Goa and Bengal are separated, as the crow flies, by a distance of over two thousand kilometres. But metaphorical bridges have been known for their ability to bridge great distances. What unites Goa and Bengal, in a manner of speaking, is — no, not football but — their love for the afternoon nap. What the bhaat-ghum is to the average Bengali, the beloved siesta is for the aam Goan.
Hearteningly, pleasure has now turned political. Goa goes to the hustings in two years’ time, and the leader of the Goa Forward Party, Vijai Sardesai — he is a chief ministerial aspirant — has pledged to make the siesta mandatory within stipulated hours every day. Naysayers have dismissed Mr Sardesai poll pledge as a not-so-subtle attempt to pander to identity politics: Goan culture, after all, takes its susegad — an ethical principle that shuns a frenetic life for a slower, quieter way of living — quite seriously. But then there is nothing parochial about the susegad that has the siesta embossed in its heart. In fact, evidence suggests that a life located between the laid-back and the indolent, one that emphasizes the importance of leisure, is a truly global phenomenon. The short, post-lunch nap spans a geographical and cultural arc that includes the Mediterranean, parts of Europe, and Asia. Afternoons bring Italians the promise of the riposo; busy-as-bees Britons and Americans replenish their energies with the help of the power nap; Indian yoga, too, acknowledges the virtues of vamkukshi: lying on the left side to aid digestion after a nap.

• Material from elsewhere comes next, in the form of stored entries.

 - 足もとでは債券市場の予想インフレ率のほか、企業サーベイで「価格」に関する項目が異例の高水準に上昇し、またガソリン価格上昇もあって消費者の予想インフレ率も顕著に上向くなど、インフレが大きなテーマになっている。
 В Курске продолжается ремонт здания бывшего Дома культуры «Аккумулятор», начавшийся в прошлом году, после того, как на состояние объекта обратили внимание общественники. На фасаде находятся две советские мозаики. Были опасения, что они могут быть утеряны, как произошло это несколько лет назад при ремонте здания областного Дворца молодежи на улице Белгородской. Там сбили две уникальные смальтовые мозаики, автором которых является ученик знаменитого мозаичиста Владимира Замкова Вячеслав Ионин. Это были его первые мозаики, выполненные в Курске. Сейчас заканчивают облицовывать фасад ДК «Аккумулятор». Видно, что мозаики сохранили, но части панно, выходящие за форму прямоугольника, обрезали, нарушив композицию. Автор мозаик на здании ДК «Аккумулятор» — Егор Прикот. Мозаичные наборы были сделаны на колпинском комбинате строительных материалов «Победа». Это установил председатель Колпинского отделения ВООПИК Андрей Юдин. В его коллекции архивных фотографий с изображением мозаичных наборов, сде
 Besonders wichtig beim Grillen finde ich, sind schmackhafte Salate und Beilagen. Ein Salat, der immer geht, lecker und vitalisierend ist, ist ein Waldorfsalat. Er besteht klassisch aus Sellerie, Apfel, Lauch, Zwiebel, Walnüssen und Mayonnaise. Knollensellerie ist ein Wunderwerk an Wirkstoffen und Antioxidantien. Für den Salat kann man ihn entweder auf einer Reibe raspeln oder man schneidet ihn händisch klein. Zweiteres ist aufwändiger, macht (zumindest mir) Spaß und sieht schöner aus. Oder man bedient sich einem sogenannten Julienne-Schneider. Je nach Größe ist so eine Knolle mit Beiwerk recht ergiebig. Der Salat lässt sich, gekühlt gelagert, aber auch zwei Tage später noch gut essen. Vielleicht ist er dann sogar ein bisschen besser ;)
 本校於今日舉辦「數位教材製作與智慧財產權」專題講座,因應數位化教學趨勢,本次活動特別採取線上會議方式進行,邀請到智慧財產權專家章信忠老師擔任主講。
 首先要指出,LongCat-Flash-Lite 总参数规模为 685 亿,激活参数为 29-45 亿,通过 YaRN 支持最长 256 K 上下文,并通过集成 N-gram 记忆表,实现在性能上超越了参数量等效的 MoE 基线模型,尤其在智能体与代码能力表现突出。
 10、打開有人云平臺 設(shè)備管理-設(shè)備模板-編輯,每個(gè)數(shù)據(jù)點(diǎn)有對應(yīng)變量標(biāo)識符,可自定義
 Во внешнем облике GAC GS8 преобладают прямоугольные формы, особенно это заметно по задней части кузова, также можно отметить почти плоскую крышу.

The other lie that Mr Sardesai has nailed — inadvertently — concerns modernity’s sneer at leisure. The industrial revolution had led to an enduring rupture between leisure and productivity. Evaluation of societies increasingly became centred on the quantum of labour and hours of work, leading to a concomitant, cultural demonization of activities — sleep was among them — associated with leisure and recreation. This resulted in the perpetuation of the myth of leisure being unproductive even though there are anecdotes to suggest that some of humanity’s greatest triumphs were registered by geniuses in a state of repose. Archimedes apparently had his ‘Eureka’ moment in a bath; gravity might have eluded mankind if Isaac Newton had not been idling under an apple tree.
Post-modernity’s rediscovery of siesta must be welcomed. Already, several nations have discovered that quality of work is inversely proportional to working hours. Thus France and the Netherlands have been at work, reducing the average time employees spend at their jobs. The importance of the pursuit of sleep and rest cannot be underestimated at a time when a global pandemic has led to the collapse of the walls between work and home, bringing with it severe physiological and psychological challenges. There is a strong case for India, where the labour ministry proposed to raise daily work hours to 12 from 8, to be lulled into brief, therapeutic spells of siesta. India’s next Eureka moment could well come from Goa.